Lavoratori, ma anche pensionati, che nel 2026 rientreranno entro questa soglia di reddito hanno una buona notizia: non pagano le tasse, spieghiamo perché.
Troppi sono gli italiani che a fronte di un costo della vita che si fa sempre più insostenibile, devono fare i conti con salari che sono davvero molto bassi, e come se non bastasse ci si mette di mezzo anche un sistema fiscale italiano che a volte sembra proprio non volere fare sconti. Ma il 2026 potrebbe riservare una sorpresa positiva a molti lavoratori, perché anche quest’anno in alcuni casi l’Irpef da versare nelle casse dello Stato potrebbe in alcuni casi essere pari a zero.
Non si tratta di un nuovo bonus né di una misura straordinaria, ma di un effetto combinato tra detrazioni e soglie di reddito previste dalla normativa, che nel caso siano troppo basse fanno in modo che il contribuente rientri in una vera e propria no tax area. In parole molto semplici, per chi rientra in determinati parametri, il risultato è concreto: quello che è il suo stipendio resta interamente nelle proprie tasche.

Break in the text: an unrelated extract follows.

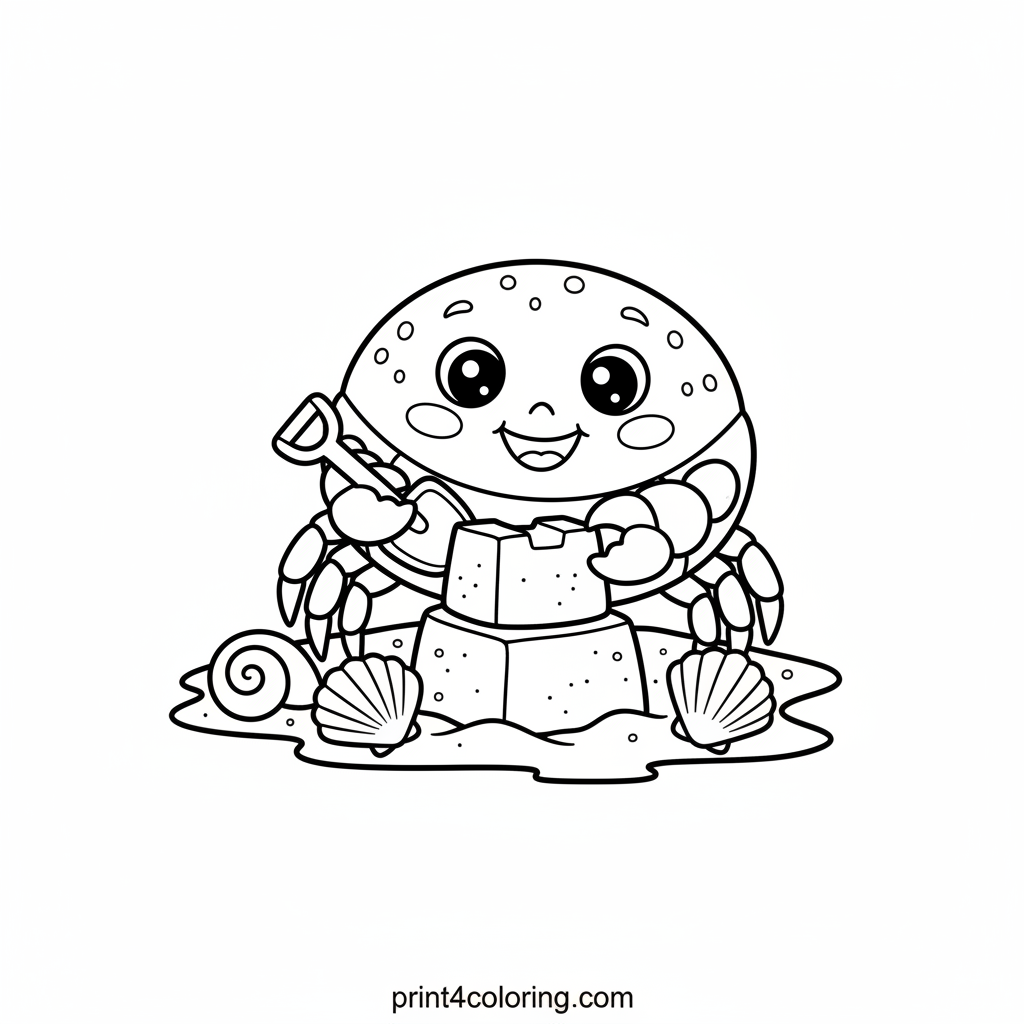 An adorable baby crab with big, friendly eyes is building its very first sandcastle on a sunny beach! This charming scene features a simple castle, a tiny shovel, and smooth seashells. Perfect for little artists, bring this delightful seaside adventure to life with your favorite colors.

Cos’è la no tax area: spieghiamo chi non non paga l’Irpef
Alla base di tutto c’è appunto il meccanismo di quella che comunemente viene definita come no tax area, mutuando il gergo anglosassone, vale a dire quella fascia di reddito entro la quale l’imposta sul reddito stesso viene completamente annullata dalle detrazioni e per cui in sostanza non devono essere pagate tasse. Per lavoratori dipendenti e pensionati questa soglia di riferimento si colloca intorno agli 8.500 euro annui: chi non supera questo limite, di fatto, non paga Irpef.

La vera notizia, però, è che il vantaggio non riguarda solo chi ha redditi molto bassi, ma anche chi guadagna di più può arrivare a pagare zero tasse, se ha diritto a un numero sufficiente di detrazioni. Infatti, conti alla mano, le detrazioni da lavoro dipendente, insieme a quelle per i familiari a carico e alle spese detraibili sostenute durante l’anno, come ad esempio quelle sanitarie, possono compensare interamente l’imposta dovuta.
Come funzionano le detrazioni e chi tutelano maggiormente
Proprio in casi come quelli appena citati, l’Irpef viene progressivamente ridotta fino ad azzerarsi: in soldoni, potrebbero non pagare tasse anche i lavoratori con redditi superiori agli 8.500 euro, con una specifica situazione personale e familiare. Facciamo un esempio: la presenza di un coniuge a carico o di figli, unita alle detrazioni ordinarie, può spingere il limite effettivo della no tax area a superare in certi casi i 12mila o addirittura i 15mila euro annui.

Il principio su cui si basa questo sistema è quello della tutela dei redditi più fragili: in questi casi specifici, lo Stato interviene riducendo il peso fiscale su chi guadagna meno o sostiene maggiori carichi familiari, evitando che una parte consistente dello stipendio venga assorbita dalle imposte. Non si tratta di un’esenzione automatica per tutti, ma del risultato di un calcolo che tiene conto di più fattori e che può tradursi in un beneficio reale e tangibile, ovvero uno stipendio netto più alto a fine anno.